Psişe, yaşam deneyiminin yansımasını ve korunmasını, bunun yanı sıra çoğaltılmasını ve diğer nesillere aktarılmasını sağlar. Ruh, gelecekte kullanım olasılığını gösteren bir işaret ile geçmişin bir görüntüsüdür. Bu nedenle, psişenin ana işlevlerinden biri, şimdiki ve gelecekteki yönelimdir.

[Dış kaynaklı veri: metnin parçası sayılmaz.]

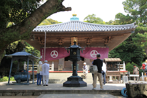 足摺岬にある礼所、金剛福寺に行ってみることにした。 中村からここまでくる間、非常に多くのお遍路さんを見かけたのは、このお寺がここにあるからに他ならない。 この1ヶ所歩いて行くだけで、えらい日数と時間がかかるだろうに。。(こんなトコにつくりやがってって思ってるに違いない) |

İnsan ruhu hakkında konuşursak, bireyin birliğini ve bütünlüğünü sağlar. Sonuç olarak, ruh heterojendir, insanlarda ve hayvanlarda niteliksel farklılıklara sahiptir, çünkü kişilik bir çocukta hemen ortaya çıkmayan çok karmaşık bir fenomendir. Ayrıca, insan ruhu, Dünya'da yaşayan diğer canlı varlıkların ruhundan farklıdır. Psişe kavramı neleri içerir?

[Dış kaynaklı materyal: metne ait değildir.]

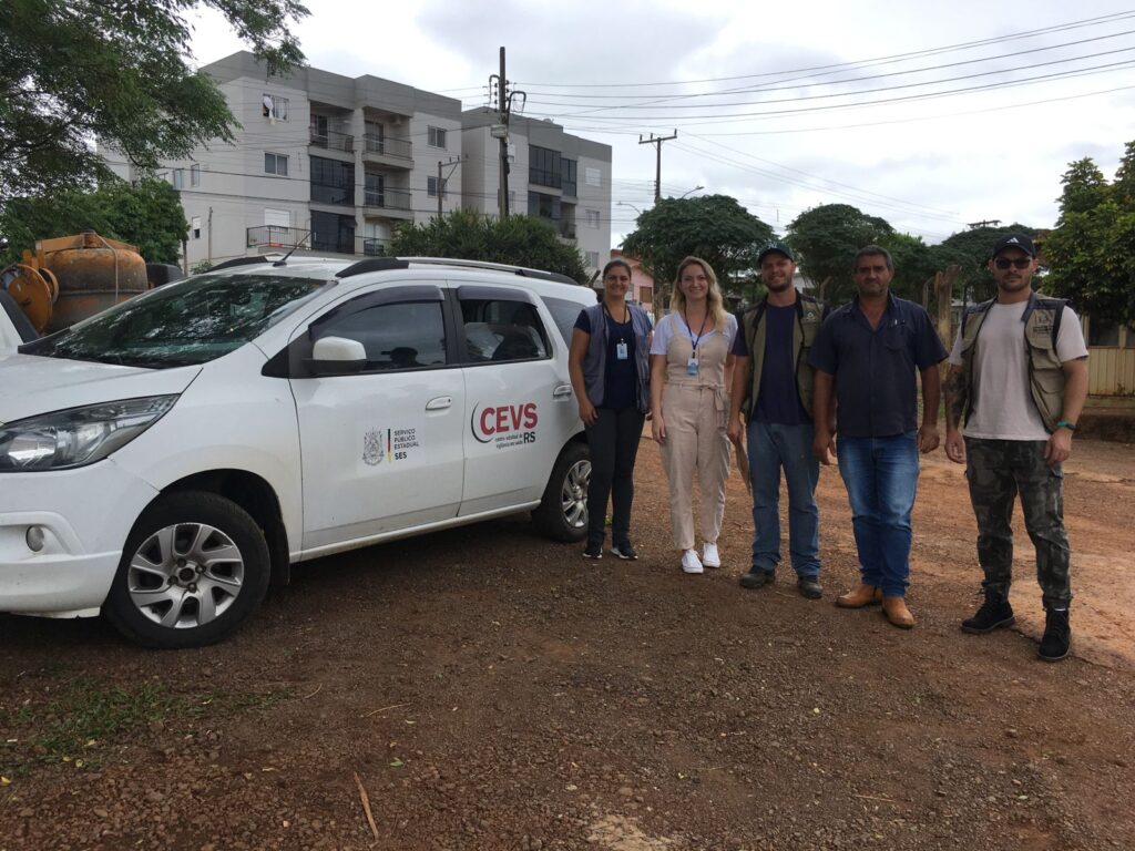 Na quinta-feira (15), representantes do Centro Estadual de Vigilância em Saúde (CEVS) por meio da 6ª Coordenadoria Regional de Saúde de Passo Fundo estiveram em Tapejara para realizar uma vistoria e acompanhamento do trabalho desempenhado pelo setor de Vigilância Ambiental em Saúde nos pontos estratégicos para o combate à dengue.

Psişenin en basit tanımı vardır: "Psişe, yüksek düzeyde organize olmuş maddenin bir özelliğidir - dünyayı yansıtmaktan oluşan beyin. Psişe, nesnel dünyanın öznel bir görüntüsüdür." Dolayısıyla psişe maddi bir şey değildir. Beynin maddi nesnesinin bir özelliğidir, maddi dünyayı bir görüntü açısından ideal bir şekilde yansıtma ve böylece bu nesnelerle hareket etme veya şu anda mevcut olmayan fenomenleri keşfetme yeteneğidir. Psişik yansıma, kişinin dış biçimlerinden, küçük ama parlak, "güçlü" işaretlerden soyutlayarak süreçlerin ve fenomenlerin özünü kavramasına, bu bilgiyi ve dünyayı bilmenin yollarını biriktirmesine ve korumasına ve sonraki nesillere aktarmasına izin verir. . Bu durumda, her şeyden önce, insan ruhu hakkında, onun bilinç adı verilen kısmı hakkında konuşuyoruz.

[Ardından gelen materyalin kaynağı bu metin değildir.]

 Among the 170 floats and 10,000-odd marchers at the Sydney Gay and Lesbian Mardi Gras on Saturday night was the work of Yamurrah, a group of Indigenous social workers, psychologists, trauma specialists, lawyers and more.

insanlık nasıl başardı zihinsel yaşamözel çalışma konusu? Zihinsel yansıma bilimi olarak psikoloji ne zaman bir bilim oldu?

İki yüzyıl önce, psikolojinin, matematiğin sözde kendisine uygulanamayacağı gerçeğinden hareketle, bağımsız bir bilim olarak adlandırılma hakkı reddedildi. Ne de olsa psişe, deneyimden bir an önce neyse odur.

XIX yüzyılın ikinci yarısında. profesör-fizikçi G. Fechner başvurmayı başardı matematiksel yöntemler psikolojiye. Ama şimdi bile, hayır, hayır ve benzer ifadelerle karşılaşacaksınız.

Bilim, konusunu, ilgilendiği gerçeklik alanını tanımlayabilmeli ve iddia ettiği yasaları açıklayabilmelidir. özel yöntemler, yöntemler ve araçlar.